Quantifying the effect of noise perturbation for the stochastic Burgers equation with additive trace-class noise
This work addresses error analysis for stochastic PDEs, specifically for researchers in applied mathematics and numerical analysis, but it is incremental as it extends known error bounds to a specific equation.
The paper tackles the problem of quantifying errors from noise perturbations in the stochastic Burgers equation with additive trace-class noise, establishing upper bounds for weak and strong errors, such as weak error of O(||(-A)^{-1^{-}}(Q1-Q2)||) and strong error of O(||(-A)^{-1/2^{-}}|Q1^{1/2}-Q2^{1/2}|||).
We establish upper bounds for the weak and strong error resulting from a perturbation of the noise driving the stochastic Burgers equation, where we assume the noise to be additive and of trace class and the initial value to be sufficiently regular.
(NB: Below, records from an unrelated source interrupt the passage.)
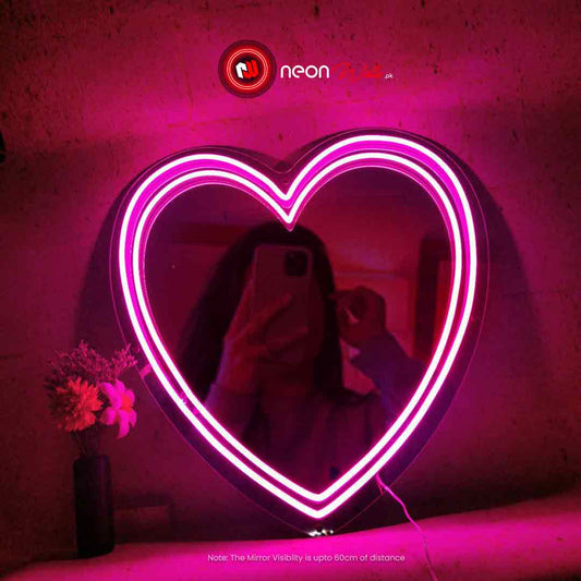 Dual Line Heart Selfie Neon Mirror (Big)
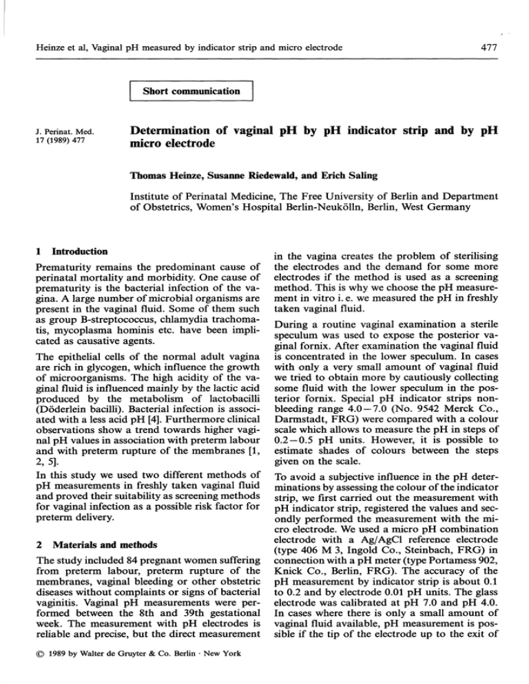 Heinze et al, Vaginal pH measured by indicator strip and micro electrode 477 Short communication J. Perinat. Med. 17 (1989) 477 Determination of vaginal pH by pH indicator strip and by pH micro electrode Thomas Heinze, Susanne Riedewald, and Erich Saling Institute of Perinatal Medicine, The Free University of Berlin and Department of Obstetrics, Women's Hospital Berlin-Neukölln, Berlin, West Germany 1 Introduction Prematurity remains the predominant cause of perinatal mortality and morbidity. One cause of prematurity is the bacterial infection of the vagina. A large number of microbial organisms are present in the vaginal fluid. Some of them such as group B-streptococcus, chlamydia trachomatis, mycoplasma hominis etc. have been implicated as causative agents. The epithelial cells of the normal adult vagina are rich in glycogen, which influence the growth of microorganisms. The high acidity of the vaginal fluid is influenced mainly by the lactic acid produced by the metabolism of lactobacilli (Döderlein bacilli). Bacterial infection is associated with a less acid pH [4]. Furthermore clinical observations show a trend towards higher vaginal pH values in association with preterm labour and with preterm rupture of the membranes [1, 2,5]. In this study we used two different methods of pH measurements in freshly taken vaginal fluid and proved their suitability as screening methods for vaginal infection as a possible risk factor for preterm delivery. 2 Materials and methods The study included 84 pregnant women suffering from preterm labour, preterm rupture of the membranes, vaginal bleeding or other obstetric diseases without complaints or signs of bacterial vaginitis. Vaginal pH measurements were performed between the 8th and 39th gestational week. The measurement with pH electrodes is reliable and precise, but the direct measurement 1989 by Walter de Gruyter & Co. Berlin · New York in the vagina creates the problem of sterilising the electrodes and the demand for some more electrodes if the method is used as a screening method. This is why we choose the pH measurement in vitro i. e. we measured the pH in freshly taken vaginal fluid. During a routine vaginal examination a sterile speculum was used to expose the posterior vaginal fornix. After examination the vaginal fluid is concentrated in the lower speculum. In cases with only a very small amount of vaginal fluid we tried to obtain more by cautiously collecting some fluid with the lower speculum in the posterior fornix. Special pH indicator strips nonbleeding range 4.0-7.0 (No. 9542 Merck Co., Darmstadt, FRG) were compared with a colour scale which allows to measure the pH in steps of 0.2 — 0.5 pH units. However, it is possible to estimate shades of colours between the steps given on the scale. To avoid a subjective influence in the pH determinations by assessing the colour of the indicator strip, we first carried out the measurement with pH indicator strip, registered the values and secondly performed the measurement with the micro electrode. We used a micro pH combination electrode with a Ag/AgCl reference electrode (type 406 M 3, Ingold Co., Steinbach, FRG) in connection with a pH meter (type Portamess 902, Knick Co., Berlin, FRG). The accuracy of the pH measurement by indicator strip is about 0.1 to 0.2 and by electrode 0.01 pH units. The glass electrode was calibrated at pH 7.0 and pH 4.O. In cases where there is only a small amount of vaginal fluid available, pH measurement is possible if the tip of the electrode up to the exit of 478 Heinze et al, Vaginal pH measured by indicator strip and micro electrode the reference electrode is completely covered by a film of the vaginal fluid. A minimum of 50 — 100 μΐ (i.e. 1—2 drops) is required for the pH measurement with indicator strip on its own, when performing both methods, we need 200 — 300 μΐ vaginal fluid. In a very small number of cases we failed in getting enough vaginal smear for both determinations or the measurement was prohibited by vaginal bleeding. 3 7-, 6- 5- y = 0.994 χ + 0.036 r = 0.9633 £ ι Results and discussion The figure shows the results of 84 measurements of pH values by both methods. We received a highly significant correlation between both methods (p = 0.0000) in the range from pH = 4.0 to 7.0. The pH measurement by the indicator strip we used is limited in the range from pH = 4.0 to 7.0. Values under pH = 4.0 show a normal vaginal flora and are not of further clinical interest. The advantages of the vaginal pH determination by indicator strip are: it is easy to handle and low in cost, requires a very small amount of vaginal fluid, excludes the risk of infection and needs no calibration. The disadvantage is the relatively low accuracy of the pH determination (0.1—0.2 pH units), caused by subjective interpretation of the colour of the indicator strip. The advantages of the micro glass electrode are: the good accuracy (0.01 pH units), no problems with subjective interpretation, the small amount of vaginal fluid (ca. 200 μΐ) needed and by performing the measurement in vitro no risk of infection either. pH indicator strip Figure 1. pH values determined by pH micro glass electrode compared to those by indicator strip. Linear regression and standard deviation. We recommend the pH determination of the vaginal fluid by indicator strip in combination with the micro glass electrode as a screening method for vaginal infection. Risks of preterm labour and preterm delivery increased when the vaginal pH is higher than 4.3 [5] resp. 4.4 [2] or 4.5 [3]. Therefore up to a pH value =4.3 it is sufficient to use indicator strips. In all cases with a possible risk of infection (pH values > 4.3) and in all cases where a precise determination of the pH value is needed, the micro electrode should be used. In cases where measurements are necessary at particular points of the vagina e. g. in case of preterm rupture of membranes a direct measurement inside the vagina with 
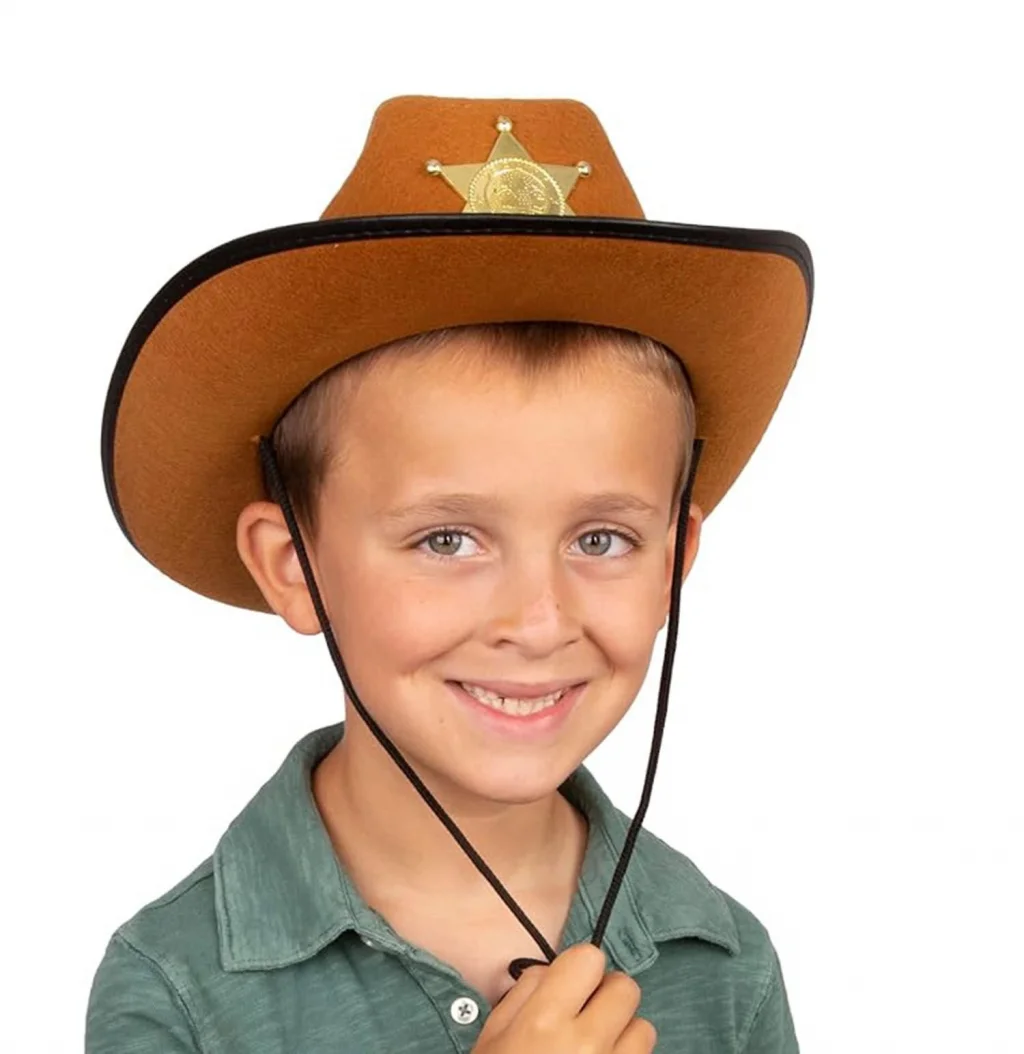 BUĞZ Çocuk Kovboy Şapkası Plastik Üzeri Flok Kaplama Açık Kahverengi
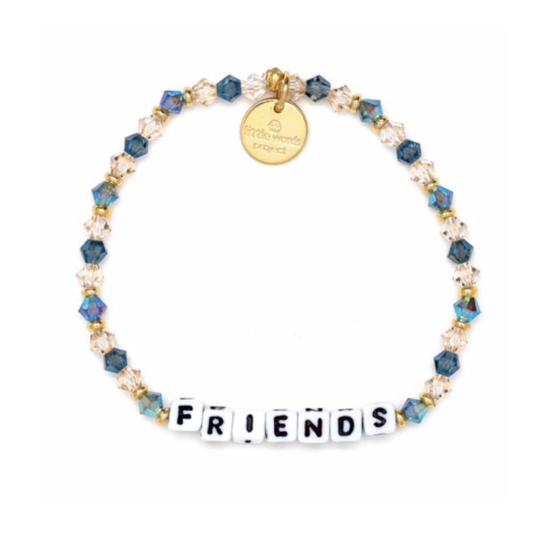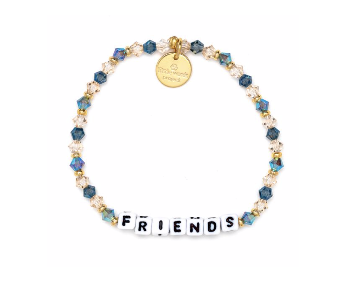 Hand-crafted, beaded bracelet Gold-plated brass hardware Elastic stretch bracelet Handle with Care – do not wet
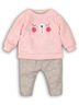 Комплект для девочки состоящий из свитшота и брюк. Свитшот с длинным рукавом, круглым вырезом. Кнопки на плече. Брюки на эластичном поясе.

More specifically, replacing the covariance operator of the driving noise $Q_1 \in \mathcal{L}_1(L^2)$ in the Burgers equation by a covariance operator $Q_2 \in \mathcal{L}_1(L^2)$ results in a weak error of $\mathcal{O}\big(\| (-A)^{-1^{-} } (Q_1-Q_2) \|_{\mathcal{L}_1(L^2)}\big)$ and a strong error of $\mathcal{O}\big(\big\| (-A)^{-1/2^{-}}\big|Q_1^{1/2} -Q_2^{1/2}\big| \big\|_{\mathcal{L}_2(L^2)}\big)$. Here $\|\cdot \|_{\mathcal{L}_1}$ is the trace class norm, $\|\cdot \|_{\mathcal{L}_2}$ is the Hilbert-Schmidt norm, and $A$ is the one-dimensional Dirichlet Laplacian that represents the leading term in the Burgers equation. In particular, our results provide upper bounds for the weak and strong error arising when approximating the trace class noise by finite-dimensional noise; the rates we obtain reflect the general philosophy that the weak convergence rate should be twice the strong rate.